Les loups !
Pendant ma grave dépression, je me suis souvenue que, petite, j'avais l'impression que des loups vivaient près de moi, et que, si je les appelais, ils viendraient à mon secours. J'en étais persuadée, allez savoir pourquoi ! Pendant cette période de déprime, shootée aux médocs, j'ai écrit cette histoire que j'ai retrouvée récemment. C'est une histoire un peu fantastique !
« Les loups, venez ! » Cette phrase depuis toute petite, je me la répète dans ma tête. Comme si elle était un appel au secours, une façon d'être sauvée. C'est toujours ce que j'ai cru. Et pourtant je ne les ai jamais appelés.
Couchée au fond de mon lit, la peur au ventre qu'il soit encore caché sous celui-ci et qu'il attende que je m'endorme pour sortir. Il est sadique. Je le déteste depuis la première fois où il m'a violée. Si j'avais réussi à cette époque à dire : « Les loups, venez ! », que se serait-il passé ? Je me réveille tout angoissée. Ces cauchemars reviennent. Ça me saoule. Toujours à la même période. Comme si tout cela voulait dire quelque chose. Mais enfin, QUOI ?
Je me lève, je me prépare et pars travailler. Au bureau, mon chef, ou plutôt mon harceleur, car il est à l'image de mon frère, ce connard qui a bousillé mon enfance et mon adolescence. Je le sens à son regard, à sa façon de passer derrière moi. Il y a deux mois, il a essayé de me toucher. Depuis, je suis effrayée et ces mots d'appel au secours reviennent sans cesse. Assise à mon bureau, mon téléphone sonne :
— Salut, ma puce ! Le vieux est mort. L'enterrement est dans quatre jours. On se retrouve à la maison la veille. Il vaut mieux pour toi que tu sois là !
La communication est coupée. Mon cœur s'arrête de battre. C'était lui ! J'ai rêvé de lui cette nuit, et il m'appelle aujourd'hui. Mon père est mort. Suis-je triste ? Non. Il ne valait pas mieux que son fils. Tous des salauds…
J'arrive à la maison de mes parents. Parents ? Plutôt bourreaux ! Une mère dépressive, gavée d'anxiolytiques pour ne pas voir ce qui se passe chez elle et qui se suicidera l'année de mes dix-neuf ans. Un père incestueux ! Tout le monde se regarde en chiens de faïence. Chacun essaie de montrer à l'autre qu'il a réussi. Qu'ai-je à montrer moi ? Que je survis depuis qu'ils m'ont détruite ? Non, je dois relever la tête, être forte.
Une discussion que j'ai eue avec ma psychologue m'a beaucoup aidée. Elle m'a conseillé de ne pas oublier mes mots de secours : « Les loups, venez ! ». Venant d'elle, c'est à la fois surprenant et pas du tout. Parfois, j'ai l'impression qu'elle pourrait ne pas être humaine.

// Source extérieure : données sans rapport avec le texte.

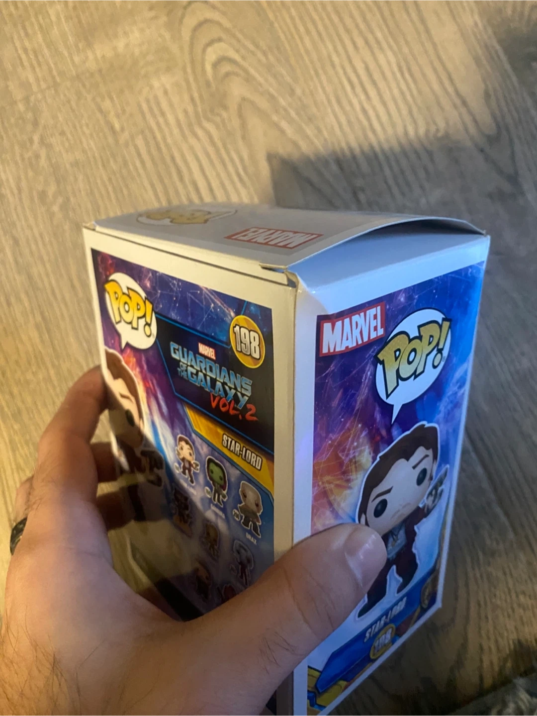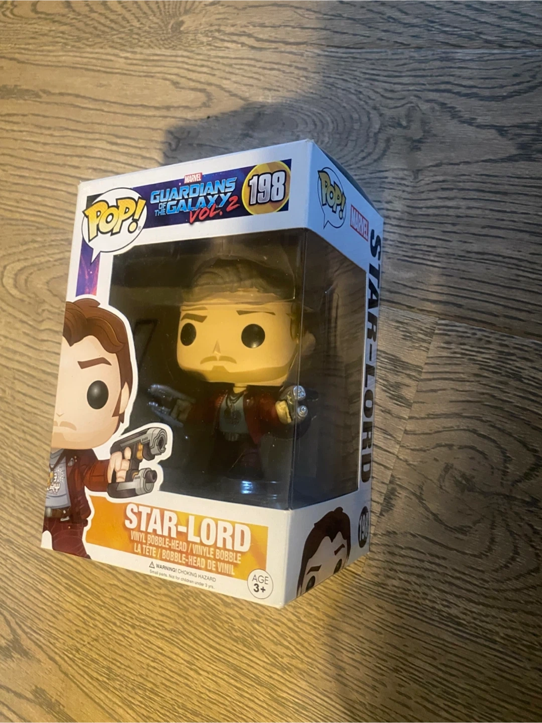 95Selling a Funko Pop! figure of Star-Lord from Marvel's Guardians of the Galaxy Vol. 2. It's number 198 in the series and comes in its original box. Great for any Marvel or Funko collector! Box slightly damaged from moving, but figure never removed. was trying to keep an unopened collection for resale value, no longer interested in holding onto them

C'est moi qui prépare le repas, comme si rien n'avait changé ! D'ailleurs, personne ne me l'a demandé. Un vieux réflexe sans doute. Le repas terminé, la plupart s'en vont. Pour ne pas rester avec eux, je me précipite dans mon ancienne chambre. J'ai une angoisse irrépressible en y rentrant. Et s'il s'était caché ? Par réflexe, je regarde sous mon lit. Ouf !! Personne. « Enfin, ma belle, du calme, tu n'as plus dix ans ! » Je secoue la tête, puis m'allonge. Épuisée, je m'endors immédiatement.
Le matin arrive. Je suis fatiguée, mes cauchemars sont toujours là. Je me lève et rejoins ceux qui ont dormi là. Je suis pressée que l'enterrement soit fini, que je puisse rentrer chez moi. Mais j'ai encore une nuit à faire ici. Pas le choix.

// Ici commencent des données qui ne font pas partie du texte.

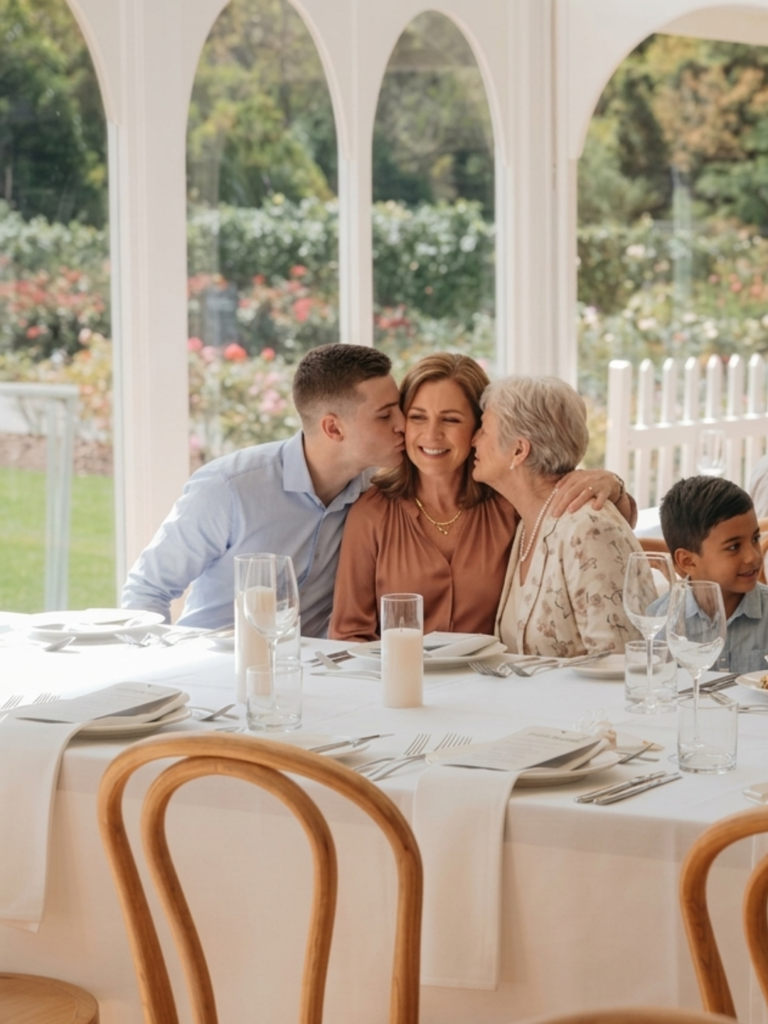 Rose Garden Pavilion: an elegant, light-filled marquee set within the Adelaide Botanic Garden, inspired by the seasonal flavours of Botanic Lodge and designed for a refined long lunch surrounded by nature.

Quelle hypocrisie ! Tous ces gens qui viennent présenter leurs condoléances, nous rappelant quel bon père il était. « C'était un monstre, un violeur ! », j'ai envie de le leur crier, mais non, je ne dis rien, comme à mon habitude. Le maître de CM1-CM2 avait dit à mes parents que j'étais une carpe : « On ne l'entend jamais ! » C'est vrai, je ne dis jamais rien. J'encaisse, c'est tout ! Devant sa tombe, je me suis imaginée cracher dessus. D'ailleurs, hier soir, je suis allée dans sa chambre. J'ai craché sur ce lit où j'avais pleuré et crié. Cet homme, en qui j'avais toute confiance, m'a violée. La psychologue voulait que je fasse un acte symbolique pour montrer ma colère, ma haine envers cet homme. Surtout que, pour se défendre, il avait osé me dire qu'il m'avait confondu avec sa femme. La bonne blague !

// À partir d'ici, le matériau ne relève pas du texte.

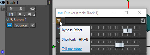Ducker の設定を開くには、トラックのコントロール領域の「Ducker オン/オフ (Ducker On/Off)」をオンにして、「Ducker 設定 (Ducker Settings)」をクリックします。

Ma mère, après m'avoir rejetée, s'est suicidée. Elle s'est libérée de l'ours mal léché qu'elle avait épousé. « Et moi, maman, tu y as pensé, à moi ? Tu m'as laissée avec eux ! » … J'essuie mes larmes et je retourne à ma voiture. Nous rentrons à la maison prendre une collation. Tout le monde raconte des anecdotes, et des souvenirs tout aussi idiots, sur cet homme qui n'était plus mon père depuis longtemps. J'ai un peu bu. Je ne me sens pas bien, et, sans doute, un peu groggy par l'alcool. Mon connard de frère m'a servi plusieurs fois. Tout le monde finit par partir. Évidemment, ils n'habitent pas loin. Je range, pour ne pas changer les bonnes habitudes. Il reste un peu de vin rouge, et pour me donner du courage pour dormir sans cauchemarder, je le finis d'un coup. Je vais me coucher. Ma tête tourne un peu une fois allongée, mais ça va. Soudain, je réalise que je n'ai pas regardé sous le lit. Trop fatiguée, j'éteins et je m'endors.
Soudain, j’entends un frottement qui me terrifie et me paralyse. Persuadée d'être dans mon cauchemar, je n'y fais pas attention. Je me retourne et essaie de me rendormir. Puis c'est un rire qui arrive à mes oreilles. Et là, je sais que ce n'est pas normal. Ce rire, je le connais. Il est terrifiant, il est bestial, il est à Lui !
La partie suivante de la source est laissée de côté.